/duckdb_azure

Azure extension for DuckDB

Primary LanguageC++MIT LicenseMIT

DuckDB Azure Extension

This extension adds a filesystem abstraction for Azure blob storage to DuckDB. To use it, install latest DuckDB. The extension currently supports only reads and globs.

Basics

Setup authentication (leverages either Azure CLI or Managed Identity):

CREATE SECRET secret1 (
    TYPE AZURE,
    PROVIDER CREDENTIAL_CHAIN,
    ACCOUNT_NAME '⟨storage account name⟩'
);

Then to query a file on azure:

SELECT count(*) FROM 'az://<my_container>/<my_file>.<parquet_or_csv>';

Globbing is also supported:

SELECT count(*) FROM 'az://dummy_container/*.csv';

Other authentication methods

Other authentication options available:

Connection string

CREATE SECRET secret2 (
    TYPE AZURE,
    CONNECTION_STRING '<value>'
);

Service Principal

(replace CLIENT_SECRET with CLIENT_CERTIFICATE_PATH to use a client certificate)

CREATE SECRET azure3 (
    TYPE AZURE,
    PROVIDER SERVICE_PRINCIPAL,
    TENANT_ID '⟨tenant id⟩',
    CLIENT_ID '⟨client id⟩',
    CLIENT_SECRET '⟨client secret⟩',
    ACCOUNT_NAME '⟨storage account name⟩'
);

Access token

(its audience needs to be https://storage.azure.com)

CREATE SECRET secret4 (
    TYPE AZURE,
    PROVIDER ACCESS_TOKEN,
    ACCESS_TOKEN '<value>'
    ACCOUNT_NAME '⟨storage account name⟩'
);

Anonymous

CREATE SECRET secret5 (
    TYPE AZURE,
    PROVIDER CONFIG,
    ACCOUNT_NAME '⟨storage account name⟩'
);

Supported architectures

The extension is tested & distributed for Linux (x64, arm64), MacOS (x64, arm64) and Windows (x64)

Documentation

See the Azure page in the DuckDB documentation.

Check out the tests in test/sql for more examples.

Building

For development, this extension requires CMake, Python3, a C++11 compliant compiler, and the Azure C++ SDK. Run make in the root directory to compile the sources.
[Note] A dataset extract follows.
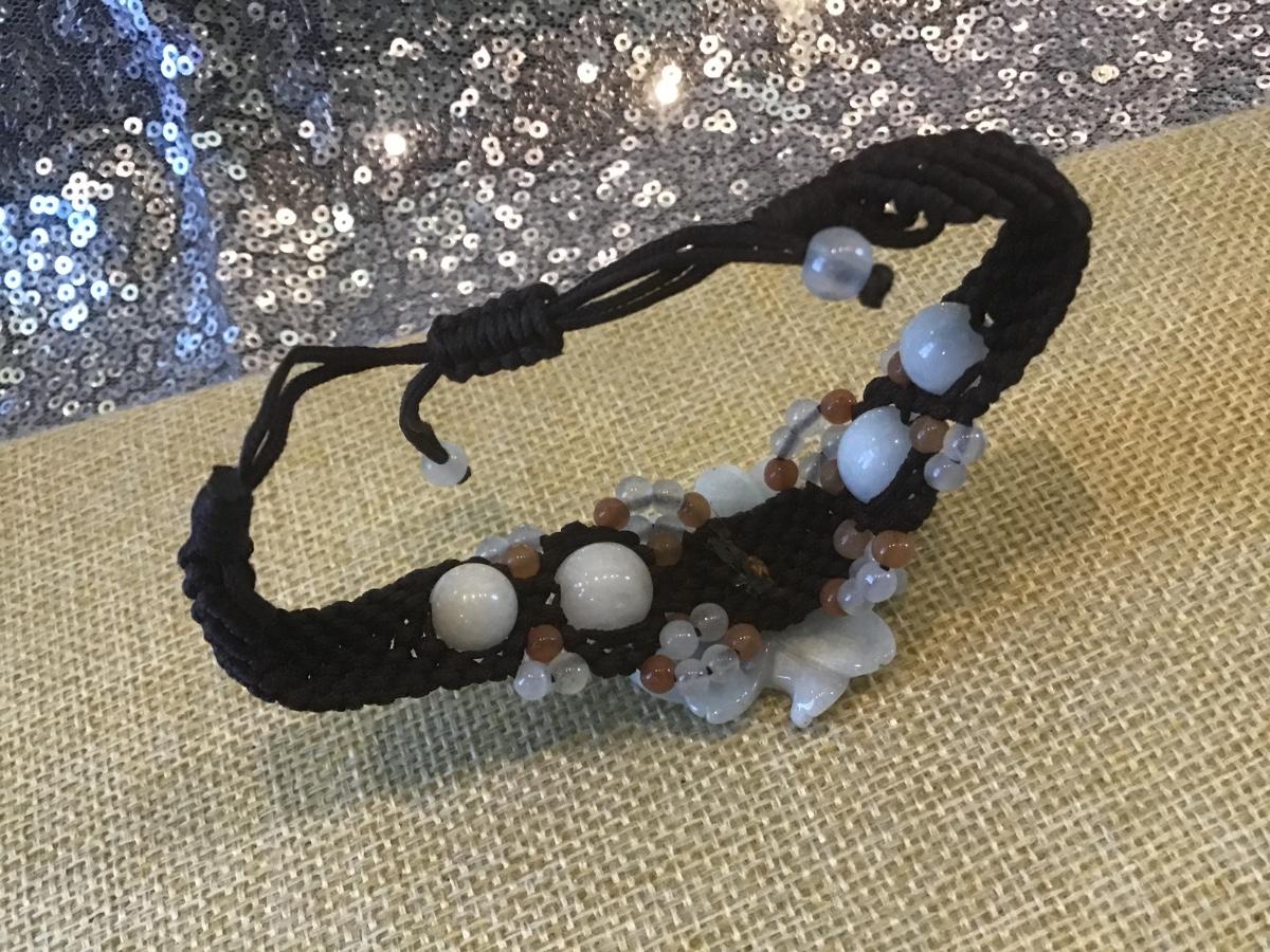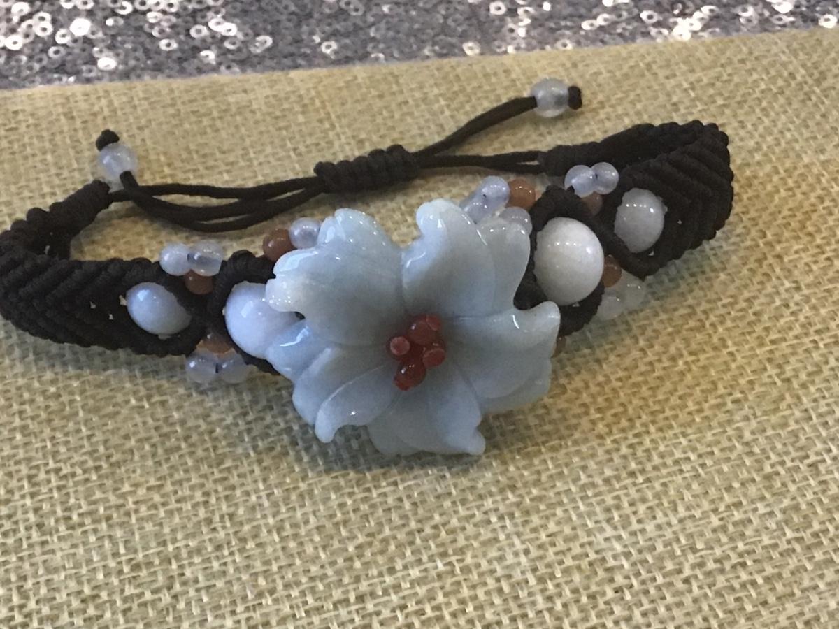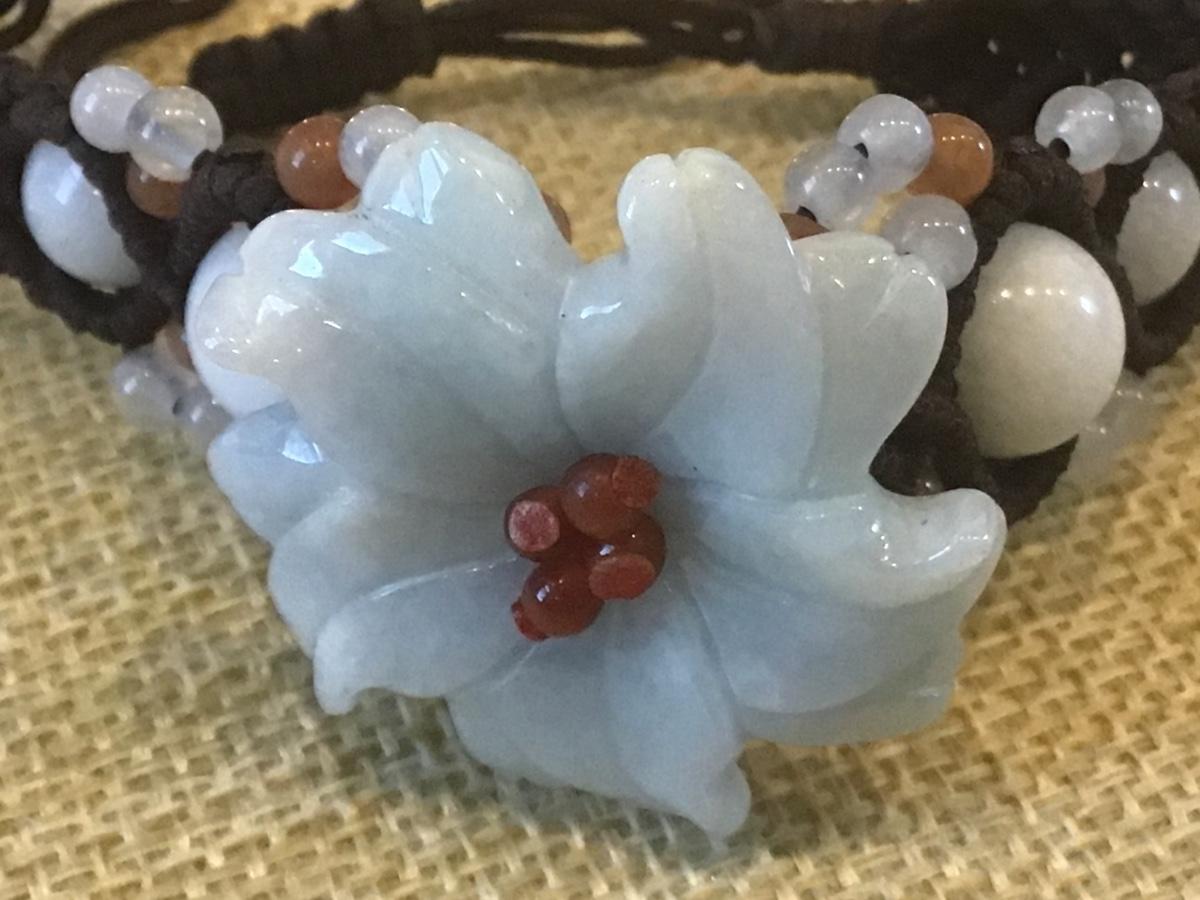 Carved Celadon Green Jade Stone Knotted Cord Wide Adjustable Bracelet

Run make debug to build a non-optimized debug version. Run make test to verify that your version works properly after making changes. Install the Azure C++ SDK using vcpkg and set the VCPKG_TOOLCHAIN_PATH environment variable when building.

sudo apt-get update && sudo apt-get install -y git g++ cmake ninja-build libssl-dev
git clone --recursive https://github.com/duckdb/duckdb_azure
git clone https://github.com/microsoft/vcpkg
./vcpkg/bootstrap-vcpkg.sh
cd duckdb_azure
GEN=ninja VCPKG_TOOLCHAIN_PATH=$PWD/../vcpkg/scripts/buildsystems/vcpkg.cmake make

Please also refer to our Build Guide and Contribution Guide.